> [How to complete this task] For the listing below, print exactly the lines from the line with "筑梦的人们 —— 献给世博建设者时间:2010年4月26日" to the line with "10月20日,浙江省的童女士", both included, and nothing beyond them.

*** Excerpted records ***

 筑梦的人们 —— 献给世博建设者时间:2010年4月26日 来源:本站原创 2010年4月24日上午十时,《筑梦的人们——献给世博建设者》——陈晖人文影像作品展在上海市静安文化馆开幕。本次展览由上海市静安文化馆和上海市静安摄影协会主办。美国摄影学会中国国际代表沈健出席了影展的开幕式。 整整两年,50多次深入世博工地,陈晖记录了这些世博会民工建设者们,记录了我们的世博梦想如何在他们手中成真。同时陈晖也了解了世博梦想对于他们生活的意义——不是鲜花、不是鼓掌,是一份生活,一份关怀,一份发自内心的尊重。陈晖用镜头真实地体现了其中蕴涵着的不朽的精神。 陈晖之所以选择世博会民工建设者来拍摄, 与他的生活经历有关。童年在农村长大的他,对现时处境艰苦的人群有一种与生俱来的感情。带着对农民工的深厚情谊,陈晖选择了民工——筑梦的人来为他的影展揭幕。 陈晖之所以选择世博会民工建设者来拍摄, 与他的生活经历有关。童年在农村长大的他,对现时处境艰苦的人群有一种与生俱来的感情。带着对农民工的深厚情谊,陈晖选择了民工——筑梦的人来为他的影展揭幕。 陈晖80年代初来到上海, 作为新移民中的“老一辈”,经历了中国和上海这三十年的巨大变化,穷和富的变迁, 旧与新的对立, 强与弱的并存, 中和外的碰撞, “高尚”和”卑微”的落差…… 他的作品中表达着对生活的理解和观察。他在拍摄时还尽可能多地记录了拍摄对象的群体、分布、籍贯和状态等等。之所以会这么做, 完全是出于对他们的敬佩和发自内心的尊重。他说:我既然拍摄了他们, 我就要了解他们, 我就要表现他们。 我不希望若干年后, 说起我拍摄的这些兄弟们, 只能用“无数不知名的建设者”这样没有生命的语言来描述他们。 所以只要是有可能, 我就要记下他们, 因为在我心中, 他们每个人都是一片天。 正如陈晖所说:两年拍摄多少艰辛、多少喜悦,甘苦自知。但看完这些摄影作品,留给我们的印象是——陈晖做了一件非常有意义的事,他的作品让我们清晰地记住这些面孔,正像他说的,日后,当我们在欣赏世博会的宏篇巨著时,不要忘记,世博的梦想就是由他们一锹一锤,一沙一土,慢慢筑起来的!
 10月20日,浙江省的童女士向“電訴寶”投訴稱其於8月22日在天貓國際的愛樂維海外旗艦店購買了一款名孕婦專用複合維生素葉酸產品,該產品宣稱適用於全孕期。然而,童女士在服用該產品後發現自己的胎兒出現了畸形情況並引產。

*** End of Excerpted records ***
*** Excerpted records ***

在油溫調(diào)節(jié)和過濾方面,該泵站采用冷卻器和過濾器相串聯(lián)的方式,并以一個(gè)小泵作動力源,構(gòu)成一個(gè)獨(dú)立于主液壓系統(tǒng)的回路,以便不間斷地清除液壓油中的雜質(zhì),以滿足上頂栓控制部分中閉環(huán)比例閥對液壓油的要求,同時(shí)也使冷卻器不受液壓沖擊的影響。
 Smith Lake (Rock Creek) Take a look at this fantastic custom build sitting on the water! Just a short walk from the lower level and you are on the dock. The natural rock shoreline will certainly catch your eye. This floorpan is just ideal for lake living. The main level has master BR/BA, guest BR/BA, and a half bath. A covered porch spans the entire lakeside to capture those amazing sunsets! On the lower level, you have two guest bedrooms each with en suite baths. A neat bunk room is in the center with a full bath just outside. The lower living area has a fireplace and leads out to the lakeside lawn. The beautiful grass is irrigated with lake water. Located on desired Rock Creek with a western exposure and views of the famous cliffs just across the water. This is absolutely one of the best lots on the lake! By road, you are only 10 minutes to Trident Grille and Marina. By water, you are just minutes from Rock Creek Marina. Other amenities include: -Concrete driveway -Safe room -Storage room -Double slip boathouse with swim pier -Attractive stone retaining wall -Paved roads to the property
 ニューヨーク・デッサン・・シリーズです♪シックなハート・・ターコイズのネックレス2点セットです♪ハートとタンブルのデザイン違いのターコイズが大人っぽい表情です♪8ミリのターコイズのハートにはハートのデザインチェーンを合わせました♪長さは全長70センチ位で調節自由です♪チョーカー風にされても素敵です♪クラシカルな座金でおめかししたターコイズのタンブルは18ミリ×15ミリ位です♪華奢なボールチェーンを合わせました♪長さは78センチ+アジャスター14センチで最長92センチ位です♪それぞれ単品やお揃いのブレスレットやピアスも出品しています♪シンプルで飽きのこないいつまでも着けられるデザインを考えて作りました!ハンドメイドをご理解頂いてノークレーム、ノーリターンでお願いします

*** End of Excerpted records ***
*** Excerpted records ***

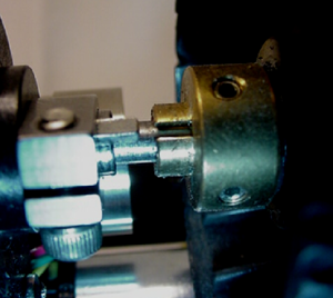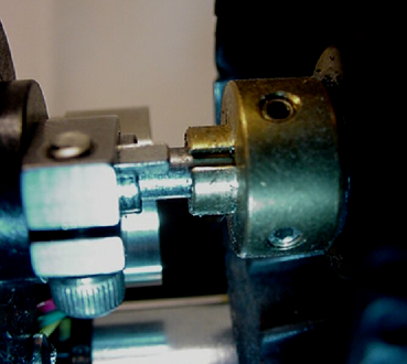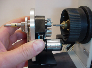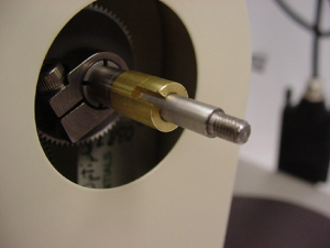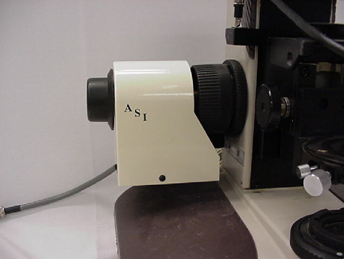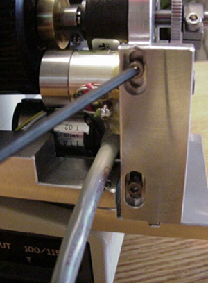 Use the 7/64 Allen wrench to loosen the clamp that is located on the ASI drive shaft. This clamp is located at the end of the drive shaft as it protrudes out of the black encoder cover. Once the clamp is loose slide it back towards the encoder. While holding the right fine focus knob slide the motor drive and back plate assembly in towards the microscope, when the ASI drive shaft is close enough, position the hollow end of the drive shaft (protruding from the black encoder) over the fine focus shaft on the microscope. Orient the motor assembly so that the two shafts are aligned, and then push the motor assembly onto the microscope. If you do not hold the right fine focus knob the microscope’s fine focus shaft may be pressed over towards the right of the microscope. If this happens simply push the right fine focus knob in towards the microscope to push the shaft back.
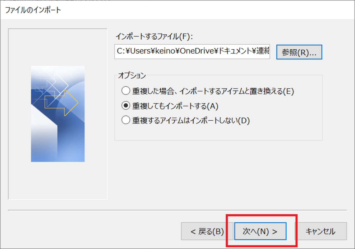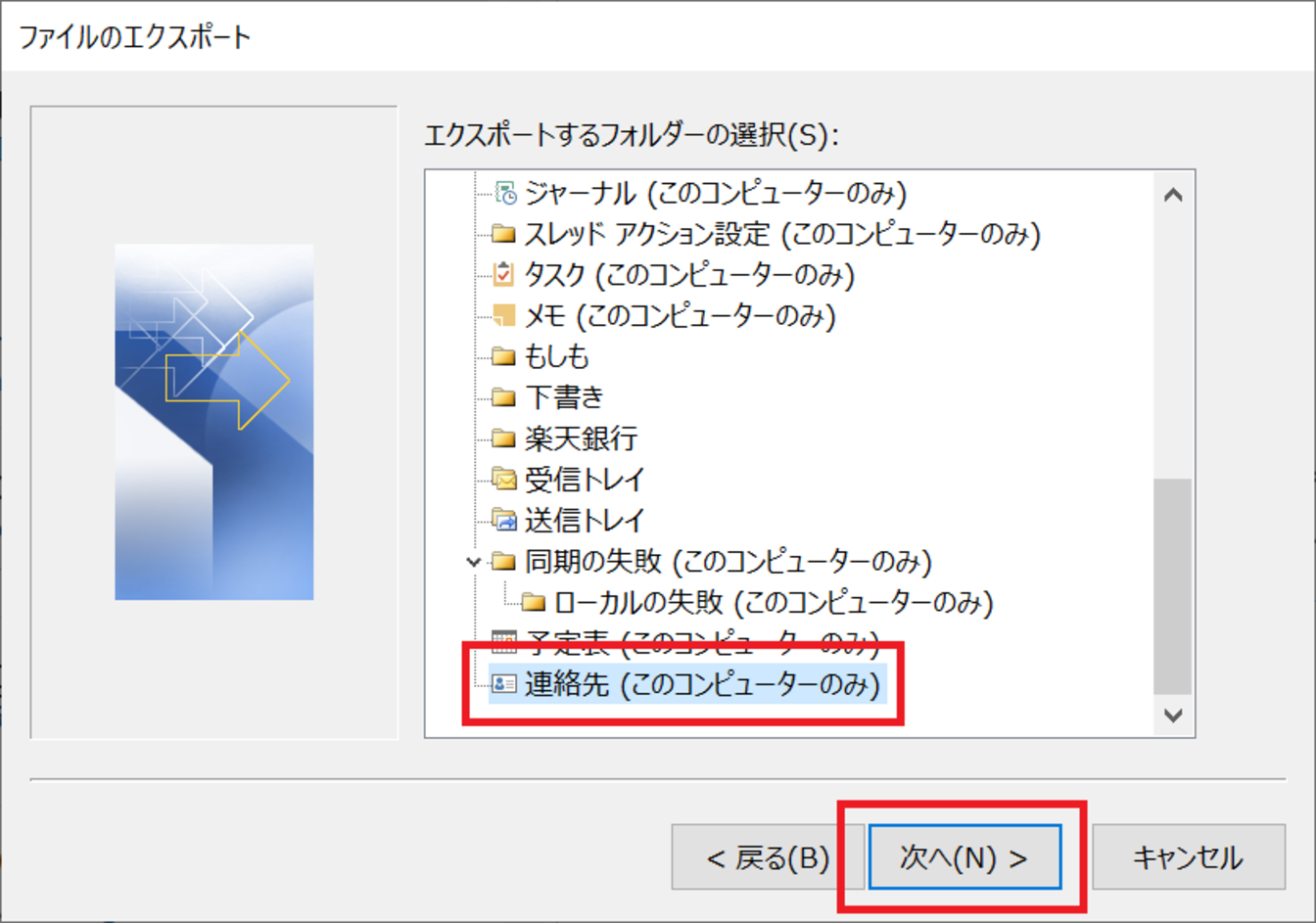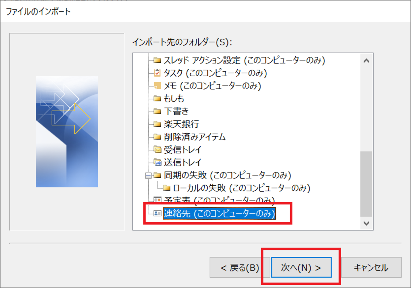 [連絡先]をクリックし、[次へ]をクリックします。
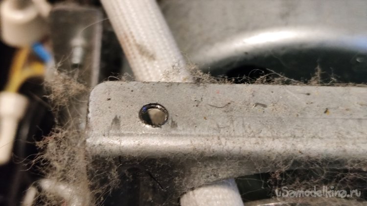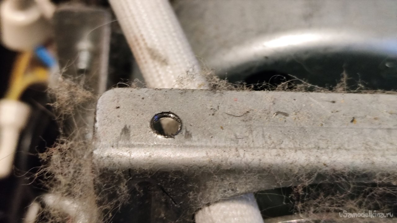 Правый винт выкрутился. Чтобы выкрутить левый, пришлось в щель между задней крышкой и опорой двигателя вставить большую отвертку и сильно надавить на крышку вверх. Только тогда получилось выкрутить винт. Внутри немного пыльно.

*** End of Excerpted records ***

> [Response]
 筑梦的人们 —— 献给世博建设者时间:2010年4月26日 来源:本站原创 2010年4月24日上午十时,《筑梦的人们——献给世博建设者》——陈晖人文影像作品展在上海市静安文化馆开幕。本次展览由上海市静安文化馆和上海市静安摄影协会主办。美国摄影学会中国国际代表沈健出席了影展的开幕式。 整整两年,50多次深入世博工地,陈晖记录了这些世博会民工建设者们,记录了我们的世博梦想如何在他们手中成真。同时陈晖也了解了世博梦想对于他们生活的意义——不是鲜花、不是鼓掌,是一份生活,一份关怀,一份发自内心的尊重。陈晖用镜头真实地体现了其中蕴涵着的不朽的精神。 陈晖之所以选择世博会民工建设者来拍摄, 与他的生活经历有关。童年在农村长大的他,对现时处境艰苦的人群有一种与生俱来的感情。带着对农民工的深厚情谊,陈晖选择了民工——筑梦的人来为他的影展揭幕。 陈晖之所以选择世博会民工建设者来拍摄, 与他的生活经历有关。童年在农村长大的他,对现时处境艰苦的人群有一种与生俱来的感情。带着对农民工的深厚情谊,陈晖选择了民工——筑梦的人来为他的影展揭幕。 陈晖80年代初来到上海, 作为新移民中的“老一辈”,经历了中国和上海这三十年的巨大变化,穷和富的变迁, 旧与新的对立, 强与弱的并存, 中和外的碰撞, “高尚”和”卑微”的落差…… 他的作品中表达着对生活的理解和观察。他在拍摄时还尽可能多地记录了拍摄对象的群体、分布、籍贯和状态等等。之所以会这么做, 完全是出于对他们的敬佩和发自内心的尊重。他说:我既然拍摄了他们, 我就要了解他们, 我就要表现他们。 我不希望若干年后, 说起我拍摄的这些兄弟们, 只能用“无数不知名的建设者”这样没有生命的语言来描述他们。 所以只要是有可能, 我就要记下他们, 因为在我心中, 他们每个人都是一片天。 正如陈晖所说:两年拍摄多少艰辛、多少喜悦,甘苦自知。但看完这些摄影作品,留给我们的印象是——陈晖做了一件非常有意义的事,他的作品让我们清晰地记住这些面孔,正像他说的,日后,当我们在欣赏世博会的宏篇巨著时,不要忘记,世博的梦想就是由他们一锹一锤,一沙一土,慢慢筑起来的!
 10月20日,浙江省的童女士向“電訴寶”投訴稱其於8月22日在天貓國際的愛樂維海外旗艦店購買了一款名孕婦專用複合維生素葉酸產品,該產品宣稱適用於全孕期。然而,童女士在服用該產品後發現自己的胎兒出現了畸形情況並引產。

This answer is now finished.